À l’audience publique qui s’est tenue le 17 mars 2026 à 14 h 30 au siège de la juridiction, en présence de :
M. [H] accompagné de Mme [E] [K] et Mme [G] [X], infirmières,
Me Nérome, avocat commis d’office de M. [I] [H], entendu en sa plaidoirie, qui a relevé la distorsion entre le certificat médical d’admission et le certificat médical des 24 heures.
M. [H] a été entendu, il a relaté qu’il s’était disputé avec son père, qu’il voulait arrêter les soins et traitements et vivre davantage dans la nature, qu’il voulait reprendre sa vie et vendre ses oeuvres d’art. Il a fait valoir que le traitement l’empêchait de s’exprimer, d’être lui-même et de travailler, qu’il ne croyait pas à l’efficacité des médicaments.

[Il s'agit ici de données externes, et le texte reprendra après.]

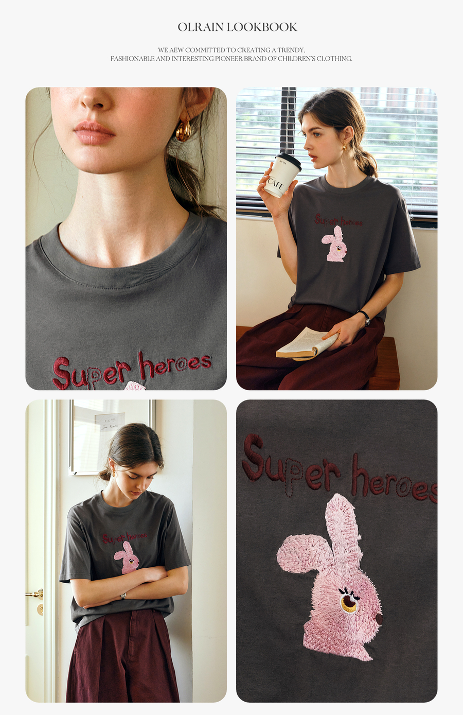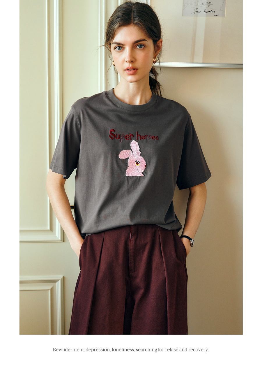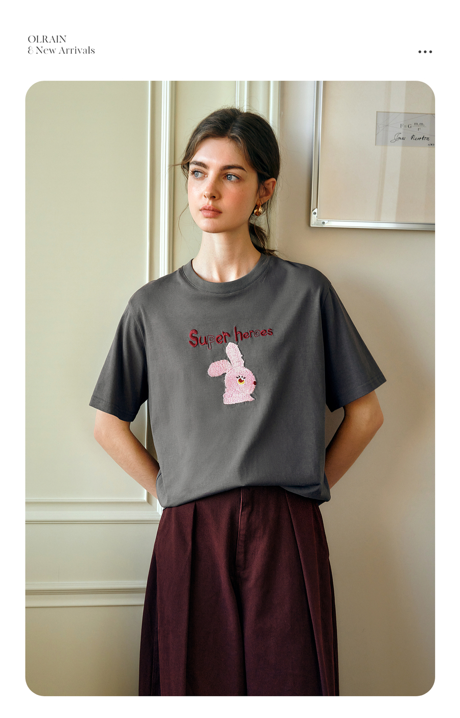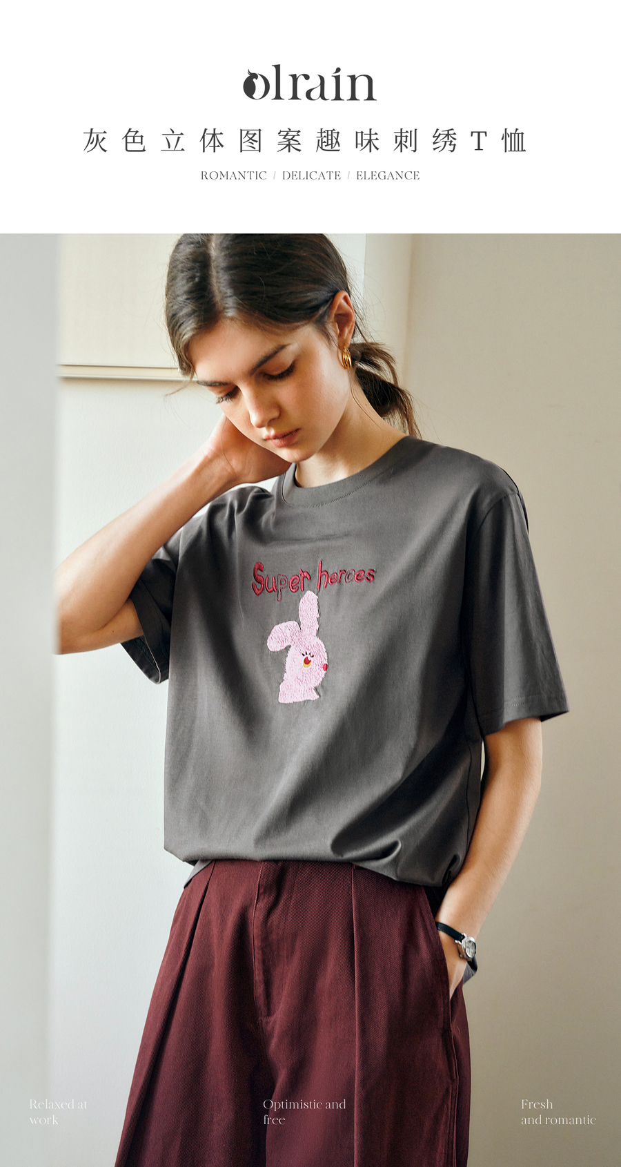 OLrain欧芮儿灰色短袖T恤女夏季2025年新款立体趣味宽松长袖上衣

L’affaire a été mise en délibéré pour être rendu le 18 mars 2026.
Sur ce,
La déclaration d’appel motivée a été reçue au greffe de la cour et formée dans les délais légaux.

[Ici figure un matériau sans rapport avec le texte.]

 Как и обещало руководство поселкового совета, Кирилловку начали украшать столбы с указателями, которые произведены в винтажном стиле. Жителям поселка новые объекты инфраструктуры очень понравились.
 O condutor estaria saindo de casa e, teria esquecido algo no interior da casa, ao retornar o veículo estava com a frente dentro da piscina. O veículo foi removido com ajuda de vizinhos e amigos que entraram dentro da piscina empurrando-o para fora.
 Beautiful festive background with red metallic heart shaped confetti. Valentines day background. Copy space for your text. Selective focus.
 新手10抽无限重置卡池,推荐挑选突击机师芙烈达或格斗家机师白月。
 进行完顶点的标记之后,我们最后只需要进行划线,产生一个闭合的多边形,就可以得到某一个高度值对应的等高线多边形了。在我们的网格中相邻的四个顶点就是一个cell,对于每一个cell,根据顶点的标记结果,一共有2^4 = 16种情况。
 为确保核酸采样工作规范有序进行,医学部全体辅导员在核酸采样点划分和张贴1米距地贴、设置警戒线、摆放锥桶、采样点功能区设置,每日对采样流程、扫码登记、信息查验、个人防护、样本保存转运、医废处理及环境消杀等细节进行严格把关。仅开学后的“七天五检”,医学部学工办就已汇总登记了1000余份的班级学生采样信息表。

M. [H] a été admis en soins psychiatriques le 28 février 2026 à 9 h 57, au visa d’un péril imminent, suivant certificat du docteur [J] [R], urgentiste, le certificat médical des 24 heures du docteur [M] [T] [B] du 28 février 2026 a prescrit le maintien des soins sans consentement en hospitalisation complète, le certificat des 72 heures du docteur [P] [C] [Q] du 2 mars 2026 à 11 h 09 a prescrit également le maintien des soins sans consentement au visa d’un péril imminent, ces certificats relevant le refus des soins et la rupture du traitement.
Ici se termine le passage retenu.